-- PROVIDED INFORMATION follows --

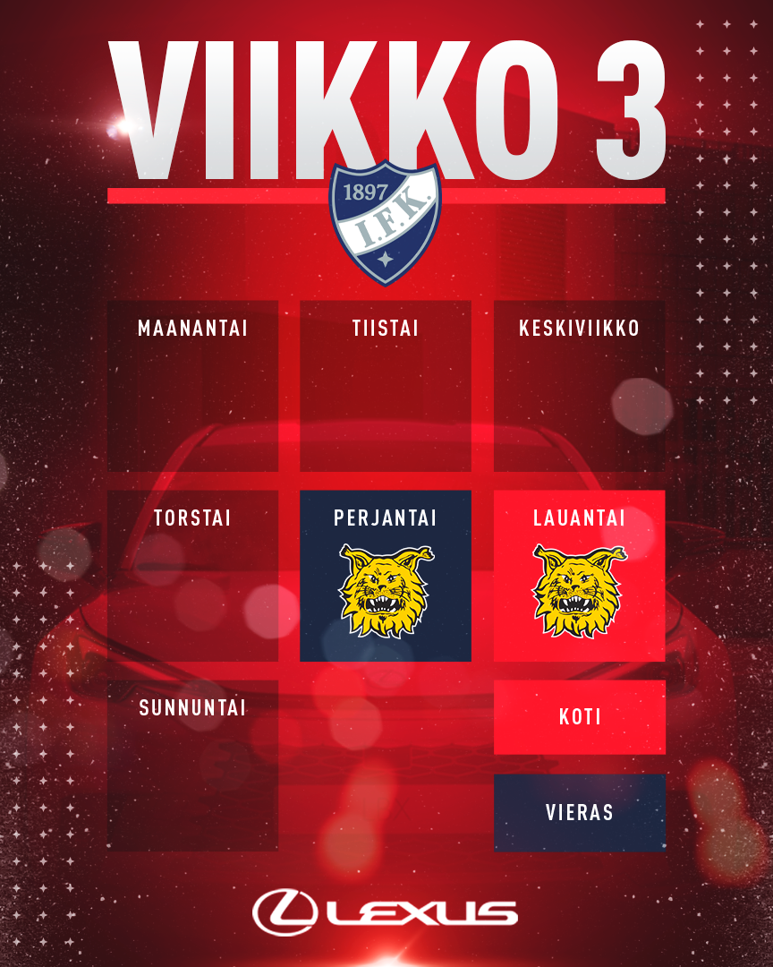 HIFK skulaa viikolla 3 kaksi matsia. Perjantaina vieraillaan Nokia Arenalla Ilveksen vieraana ja lauantaina samat jengit kohtaavat Nordiksella.
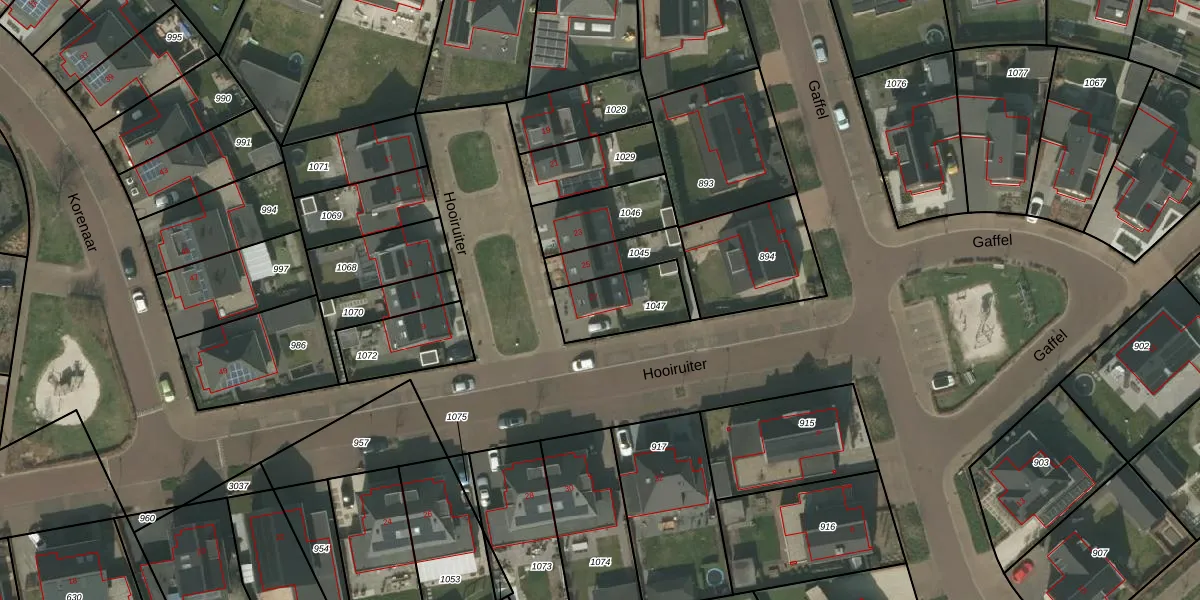 Het perceel waarop Hooiruiter 27 staat heeft een oppervlakte van 210 m². Dit is een middelgroot perceel. De perceeloppervlakte wordt geregistreerd door het Kadaster. Gedetailleerde informatie over de maten van dit perceel kunt u vinden in het rapport Kadastrale kaart met maatvoering van Hooiruiter 27.
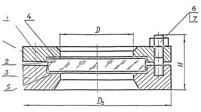 1 - фланец D - АТК 24.201.10-90; 2-стакан D- АТК 24.201.10-90; 3 - бобышка 1-D - АТК 24.201.10-90; 4 - прокладка 1-d×D АТК 24.201.10-90; 5, 6 - прокладка 1 (2)-d×D АТК 24.201.10-90; 7 - стекло; 8 - шпилька по ОСТ 26-2039; 9 - гайка по ОСТ 26-2038.
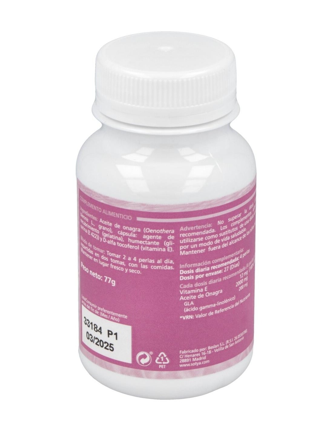 Las perlas de Onagra 700Mg de Sotya están formuladas con aceite de onagra de alta calidad, encapsulado para preservar sus propiedades. Su diseño en perlas blandas facilita la ingesta diaria, integrándose fácilmente en rutinas de cuidado personal y bienestar.
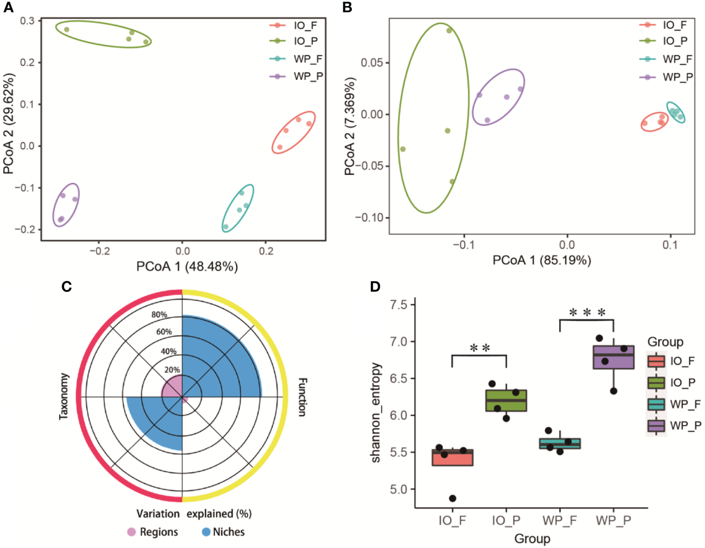(A) Prokaryotic community structure (genus level) and (B) functional profile (based on eggNOG annotation) differences of PA and FL assemblages revealed by 16S rRNA gene amplicon sequencing and metagenomics, respectively. (C) Variances of community structure and functional profile explained by oceanic regions and PA and FL niches. (D) Differences in Shannon index between PA and FL communities. IO, Indian Ocean. WP, West Pacific Ocean. Asterisks represent the following statistical significance: **0.001 ≤ P < 0.01; ***P < 0.001.
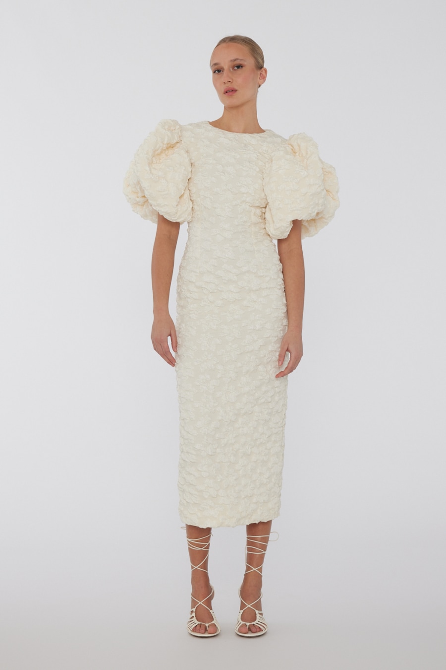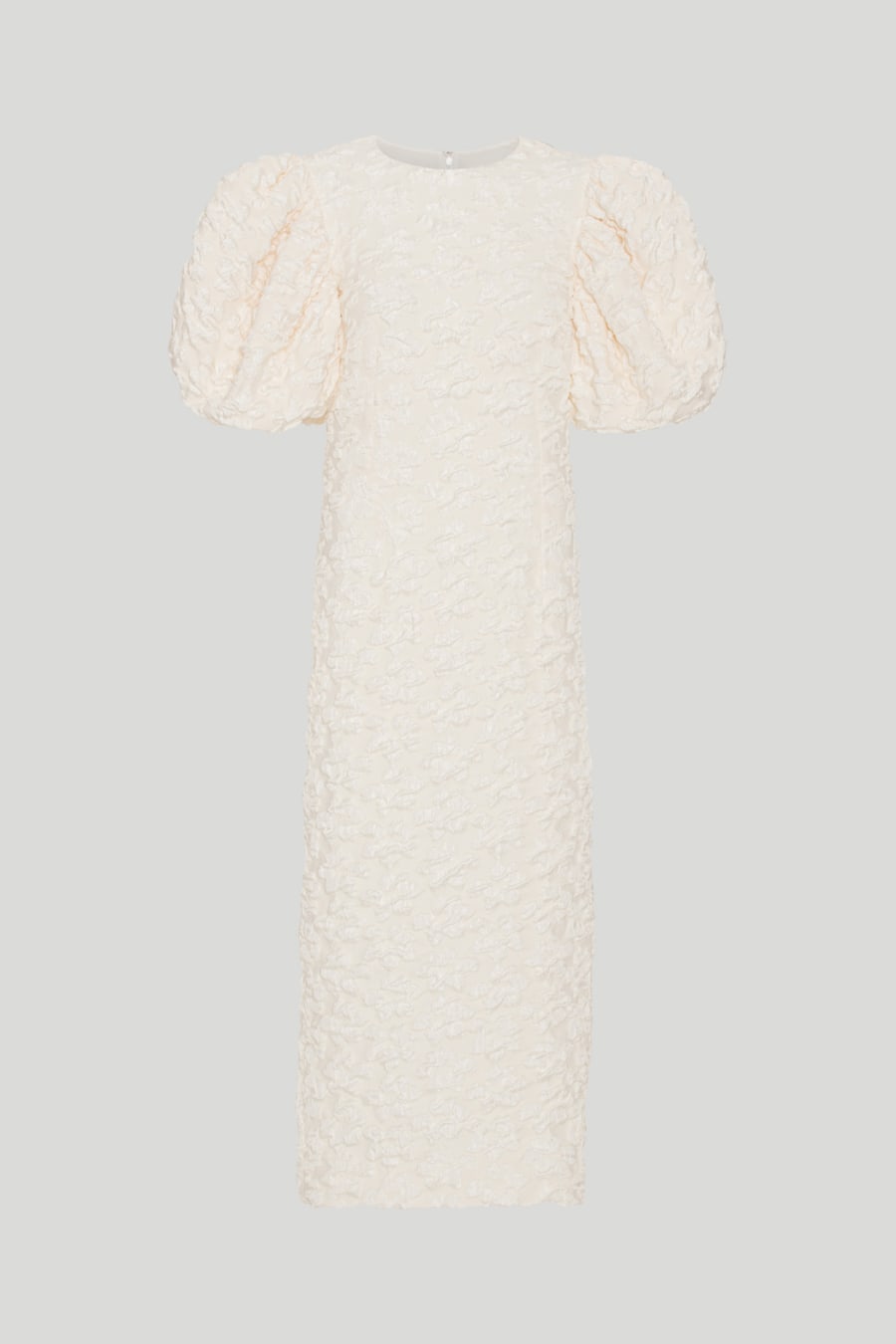 ROTATE WEDDING. THE JACQUARD MIDI PUFFY DRESS EGRET HAS A LONG AND TIGHT-FITTED SILHOUETTE WITH PUFFY SLEEVES. IT HAS A ROUND NECK AND CLOSES AT THE BACK WITH AN INVISIBLE ZIPPER. THE DRESS IS MADE IN A BEAUTIFUL JACQUARD FABRIC, WHICH GIVES THE DRESS AND ELEGANT LOOK.
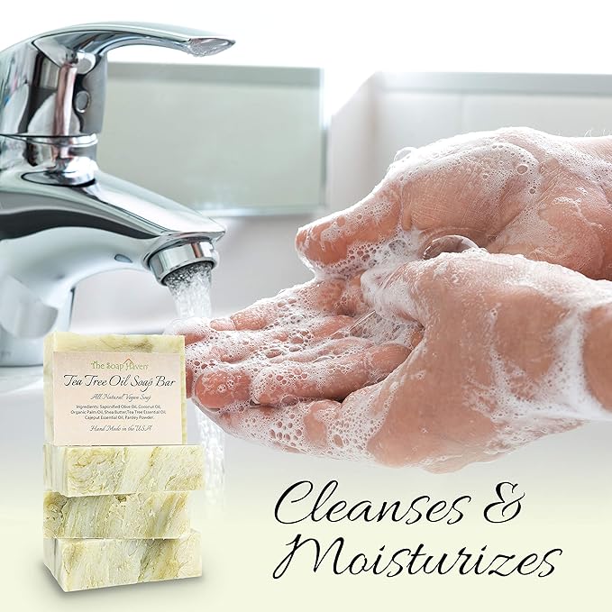 TEA TREE SOAP BAR - 4 Natural Tea Tree Oil Soap Bars for Face, Hand, Foot, Body Wash - Fights Blemishes, Itch, Body Odor. Handmade in USA with Non-GMO Ingredients. 4 Large 4.5 oz Bars

-- PROVIDED INFORMATION concluded --

= EXERCISE BRIEF =
Copy all the material word for word, minus its pictures.

= WRITTEN REPLY =
 HIFK skulaa viikolla 3 kaksi matsia. Perjantaina vieraillaan Nokia Arenalla Ilveksen vieraana ja lauantaina samat jengit kohtaavat Nordiksella.
 Het perceel waarop Hooiruiter 27 staat heeft een oppervlakte van 210 m². Dit is een middelgroot perceel. De perceeloppervlakte wordt geregistreerd door het Kadaster. Gedetailleerde informatie over de maten van dit perceel kunt u vinden in het rapport Kadastrale kaart met maatvoering van Hooiruiter 27.
 1 - фланец D - АТК 24.201.10-90; 2-стакан D- АТК 24.201.10-90; 3 - бобышка 1-D - АТК 24.201.10-90; 4 - прокладка 1-d×D АТК 24.201.10-90; 5, 6 - прокладка 1 (2)-d×D АТК 24.201.10-90; 7 - стекло; 8 - шпилька по ОСТ 26-2039; 9 - гайка по ОСТ 26-2038.
 Las perlas de Onagra 700Mg de Sotya están formuladas con aceite de onagra de alta calidad, encapsulado para preservar sus propiedades. Su diseño en perlas blandas facilita la ingesta diaria, integrándose fácilmente en rutinas de cuidado personal y bienestar.
(A) Prokaryotic community structure (genus level) and (B) functional profile (based on eggNOG annotation) differences of PA and FL assemblages revealed by 16S rRNA gene amplicon sequencing and metagenomics, respectively. (C) Variances of community structure and functional profile explained by oceanic regions and PA and FL niches. (D) Differences in Shannon index between PA and FL communities. IO, Indian Ocean. WP, West Pacific Ocean. Asterisks represent the following statistical significance: **0.001 ≤ P < 0.01; ***P < 0.001.
 ROTATE WEDDING. THE JACQUARD MIDI PUFFY DRESS EGRET HAS A LONG AND TIGHT-FITTED SILHOUETTE WITH PUFFY SLEEVES. IT HAS A ROUND NECK AND CLOSES AT THE BACK WITH AN INVISIBLE ZIPPER. THE DRESS IS MADE IN A BEAUTIFUL JACQUARD FABRIC, WHICH GIVES THE DRESS AND ELEGANT LOOK.
 TEA TREE SOAP BAR - 4 Natural Tea Tree Oil Soap Bars for Face, Hand, Foot, Body Wash - Fights Blemishes, Itch, Body Odor. Handmade in USA with Non-GMO Ingredients. 4 Large 4.5 oz Bars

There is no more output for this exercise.